The drugstore chain and pharmacy benefits manager earned $1.64 billion, or $1.30 per share for the period ended Dec. 31. A year earlier the company earned $2.05 billion, or $1.58 per share.

Removing one time costs and benefits, earnings were $1.19 per share, easily topping the 89 cents per share that analysts surveyed by Zacks Investment Research predicted.

Shares climbed more than 11% before the market opened Wednesday.

While the profit blew past expectations, it was short of the same period last year, which CVS blamed on increased medical costs in its insurance division, and lower Medicare Advantage star ratings for the 2024 payment year.

CVS Health Corp., based in Woonsocket, Rhode Island, runs one of the nation’s largest drugstore chains and a huge pharmacy benefit management business that operates prescription drug coverage for employers, insurers and other big clients. It also covers nearly 27 million people through its Aetna insurance arm.

The health care giant has been hurt by pressure from the Medicaid coverage it manages in several states as well as rising costs from its Medicare Advantage business, which involves privately run versions of the federal government’s coverage program mainly for people age 65 and older.

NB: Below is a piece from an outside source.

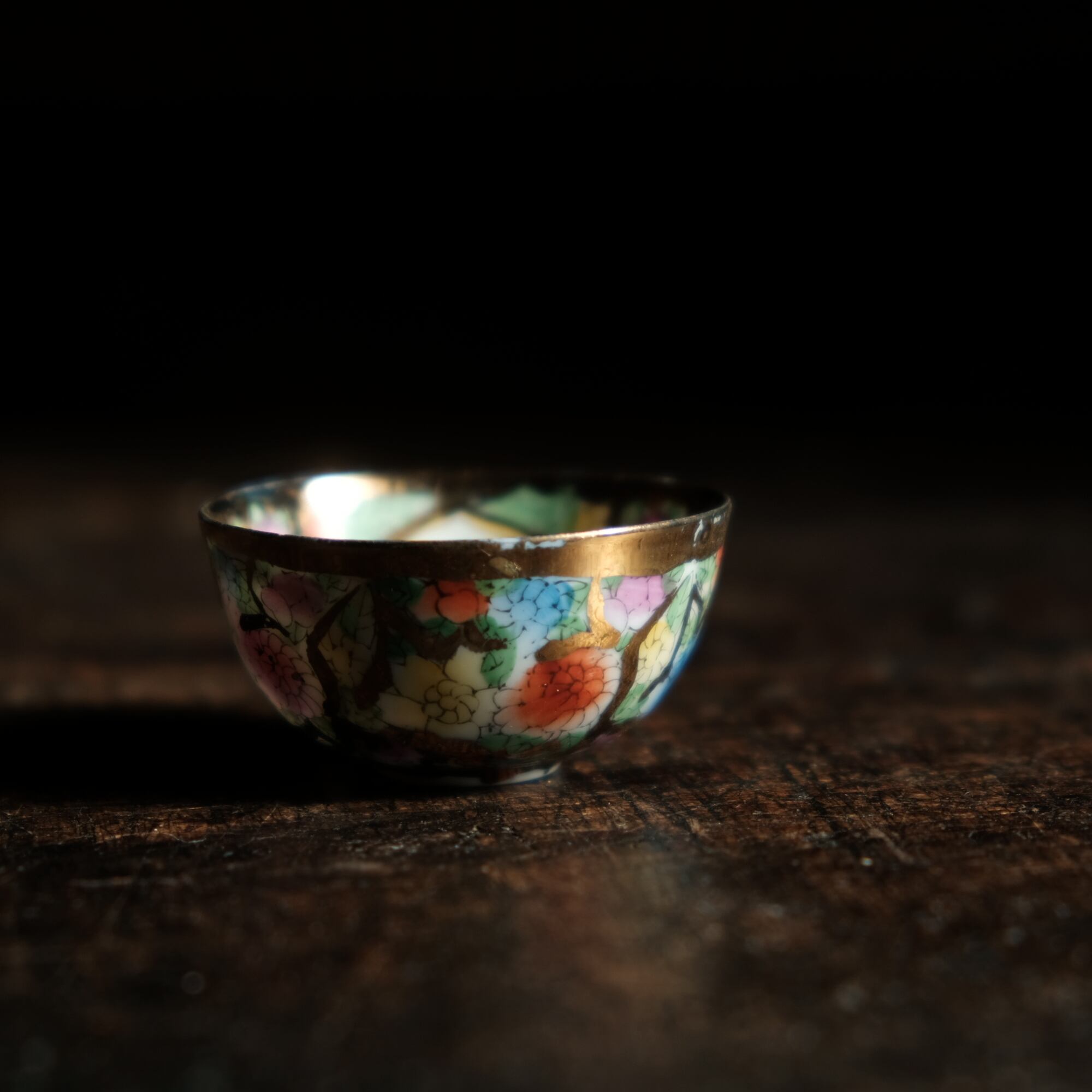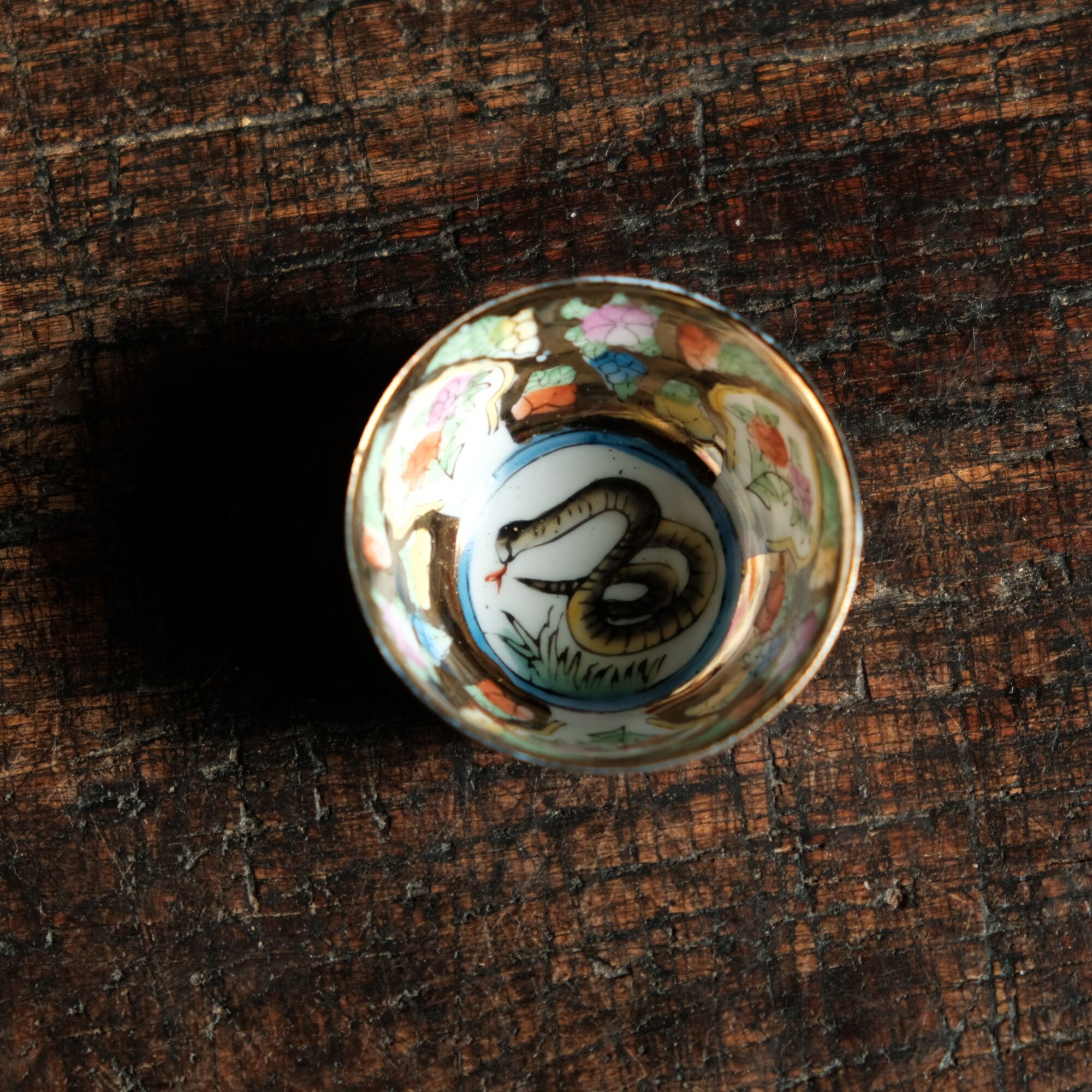 見込みに蛇(巳)◆チャイナレトロで可愛い。中国産 干支 色絵金彩小ぶり猪口 花尽くし。シノワズリ b4
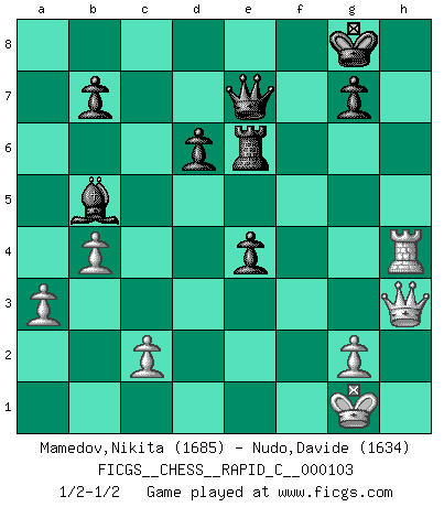 Last move : 1/2-1/2 2012 March 26 4:41:16 [Event "FICGS__CHESS__RAPID_C__000103"] [Site "FICGS"] [Date "2011.12.15"] [Round "1"] [White "Mamedov,Nikita"] [Black "Nudo,Davide"] [Result "1/2-1/2"] [WhiteElo "1685"] [BlackElo "1634"] 1.e4 c5 2.Nf3 Nc6 3.d4 cxd4 4.Nxd4 e5 5.Nb5 Nf6 6.N1c3 Bb4 7.a3 Bxc3+ 8.Nxc3 O-O 9.Bd3 d6 10.h3 h6 11.O-O Bd7 12.Be3 Nd4 13.f4 Bc6 14.b4 a6 15.Qd2 Nb5 16.Bxb5 axb5 17.Qd3 Re8 18.fxe5 Rxe5 19.Bd4 Re6 20.Qg3 Ne8 21.Rf4 Rg6 22.Qf3 f6 23.Qd3 Nc7 24.Rf5 Qd7 25.Bb6 Re8 26.Bxc7 Qxc7 27.Rd1 Qd7 28.Nd5 Qf7 29.Nc3 Re6 30.Rdf1 Qe8 31.R1f4 Rg5 32.Rxg5 hxg5 33.Rg4 Qe7 34.h4 gxh4 35.Rxh4 f5 36.Qh3 fxe4 37.Nxb5 Bxb5 1/2-1/2 Sicilian : Labourdonnais-Loewenthal variation Kingside Castling by player Black (move 8) Kingside Castling by player White (move 11) This chess game ended in a draw. Follow this game move after move (download)Chess is above all, a fight ! (Emanuel Lasker) Schachspieler können ausgezeichnet Varianten am Schachbrett berechnen, aber nicht im realen Leben. Zu stark ist der Individualismus im Schach ausgeprägt, und für viele ist ein kleiner momentaner persönlicher Vorteil wichtiger als ein weit größerer Vorteil von morgen. (Anatoly Karpov) Yo nunca en mi vida he jugado la Defensa Francesa, que viene siendo la más aburrida de todas las Aperturas. (Wilhelm Steinitz) Donnez-moi un Cavalier en 6e et je gagnerais toutes mes parties. (Steinitz) A generalist learns less and less about more and more until he knows nothing about everything. (Author unknown)

On the drugstore side, CVS Health is wrapping up a multi-year plan that includes the closure of more than 1,100 stores.

Quarterly revenue totaled $97.71 billion. That beat the $97.06 billion Wall Street was calling for.

Looking ahead, CVS Health foresees full-year adjusted earnings in a range of $5.75 to $6 per share. Analysts polled by FactSet expect $5.86 per share.

CVS Health is trying to move past a rough 2024 in which the company cut its forecast several times and saw its stock price tumble about 43%.

Former CEO Karen Lynch stepped down last October and was replaced by company executive David Joyner.

About a month later, the company added four new board members. They included the CEO of shareholder Glenview Capital Management, a hedge fund that has criticized the company for operating below its potential.

Glenview holds about 1% of the company’s outstanding shares, according to FactSet.